From: Qu Wenruo <quwenruo.btrfs@gmx.com>
To: Lukas Straub <lukasstraub2@web.de>
Cc: Martin Raiber <martin@urbackup.org>,
Paul Jones <paul@pauljones.id.au>,
Wang Yugui <wangyugui@e16-tech.com>,
"linux-btrfs@vger.kernel.org" <linux-btrfs@vger.kernel.org>
Subject: Re: [PATCH DRAFT] btrfs: RAID56J journal on-disk format draft
Date: Mon, 6 Jun 2022 19:21:42 +0800 [thread overview]
Message-ID: <c4c298bf-ca54-1915-c22f-a6d87fc5a78f@gmx.com> (raw)
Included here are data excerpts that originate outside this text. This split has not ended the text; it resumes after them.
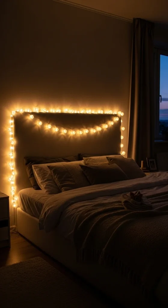 Turn your bedroom into a dreamy retreat by attaching fairy lights directly to your headboard. The gentle glow creates a starry effect, perfect for relaxing evenings or romantic settings. This low-cost idea instantly upgrades your sleeping area, adding charm without clutter. You can experiment with draping, weaving, or outlining for varied lighting intensity.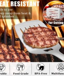 El mango de acero inoxidable de cuerpo completo de 11.8 pulgadas es resistente y altamente resistente al calor, evitando que se agriete. Su longitud evita quemaduras al alcanzar una parrilla grande. La hoja afilada está expertamente diseñada con bordes afilados para voltear y bordes dentados para cortar, lo que te permite voltear y cortar alimentos sin esfuerzo y verificar su cocción.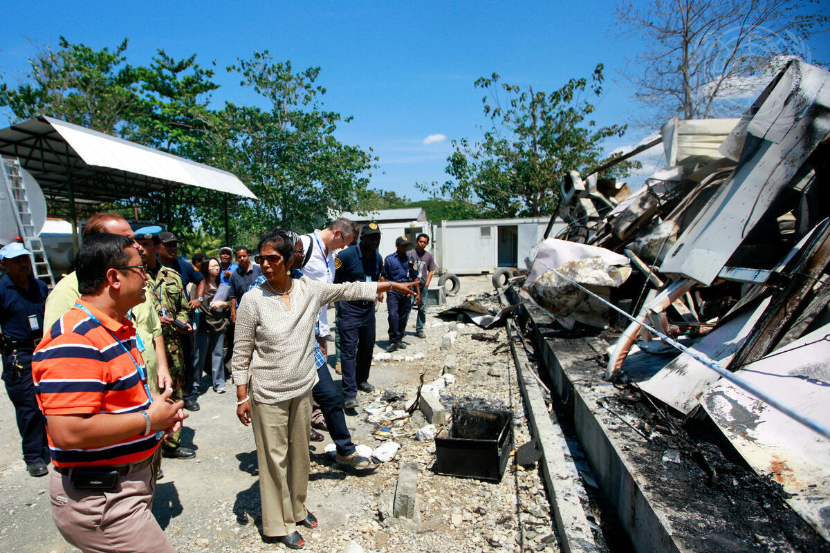 Ameerah Haq (front, right), Head of the UN Integrated Mission in Timor-Leste (UNMIT), inspects the mangled remains of UNMIT’s compound in Suai the day after a fire erupted there.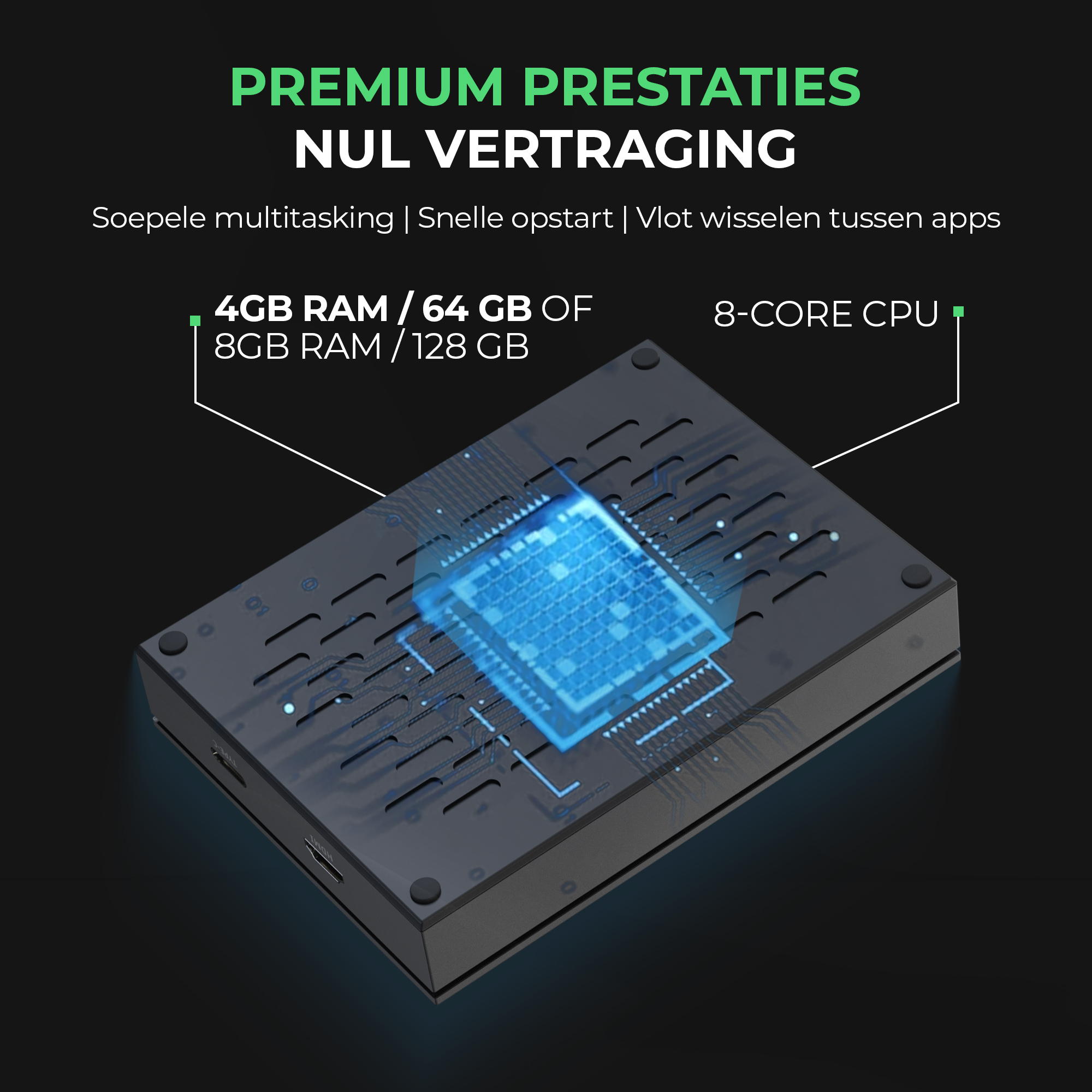Sluit hem via USB in je auto of via mini HDMI op je tv en gebruik apps zoals YouTube, Netflix, Spotify en Ziggo Go. Dankzij Android 13, een snelle Snapdragon-processor, 8GB RAM en 128GB opslag werkt alles vloeiend en zonder vertraging.

In-Reply-To: <252577ba-1659-62f8-fc44-fea506eb97b7@gmx.com>
On 2022/6/6 16:16, Qu Wenruo wrote:
>
>
[...]
>>>
>>> Hello Qu,
>>>
>>> If you don't care about the write-hole, you can also use a dirty bitmap
>>> like mdraid 5/6 does. There, one bit in the bitmap represents for
>>> example one gigabyte of the disk that _may_ be dirty, and the bit is
>>> left
>>> dirty for a while and doesn't need to be set for each write. Or you
>>> could do a per-block-group dirty bit.
>>
>> That would be a pretty good way for auto scrub after dirty close.
>>
>> Currently we have quite some different ideas, but some are pretty
>> similar but at different side of a spectrum:
>>
>> Easier to implement .. Harder to implement
>> |<- More on mount time scrub .. More on journal ->|
>> | | | \- Full journal
>> | | \--- Per bg dirty bitmap
>> | \----------- Per bg dirty flag
>> \--------------------------------------------------- Per sb dirty flag
>
> In fact, recently I'm checking the MD code (including their MD-raid5).
>
> It turns out they have write-intent bitmap, which is almost the per-bg
> dirty bitmap in above spectrum.
>
> In fact, since btrfs has all the CoW and checksum for metadata (and part
> of its data), btrfs scrub can do a much better job than MD to resilver
> the range.
>
> Furthermore, we have a pretty good reserved space (1M), and has a pretty
> reasonable stripe length (1GiB).
> This means, we only need 32KiB for the bitmap for each RAID56 stripe,
> much smaller than the 1MiB we reserved.
>
> I think this can be a pretty reasonable middle ground, faster than full
> journal, while the amount to scrub should be reasonable enough to be
> done at mount time.
Furthermore, this even allows us to go something like bitmap tree, for
such write-intent bitmap.
And as long as the user is not using RAID56 for metadata (maybe even
it's OK to use RAID56 for metadata), it should be pretty safe against
most write-hole (for metadata and CoW data only though, nocow data is
still affected).
Thus I believe this can be a valid path to explore, and even have a
higher priority than full journal.
Thanks,
Qu
>
> Thanks,
> Qu
>>
>> In fact, the dirty bitmap is just a simplified version of journal (only
>> record the metadata, without data).
>> Unlike dm/dm-raid56, with btrfs scrub, we should be able to fully
>> recover the data without problem.
>>
>> Even with per-bg dirty bitmap, we still need some extra location to
>> record the bitmap. Thus it needs a on-disk format change anyway.
>>
>> Currently only sb dirty flag may be backward compatible.
>>
>> And whether we should wait for the scrub to finish before allowing use
>> to do anything into the fs is also another concern.
>>
>> Even using bitmap, we may have several GiB data needs to be scrubbed.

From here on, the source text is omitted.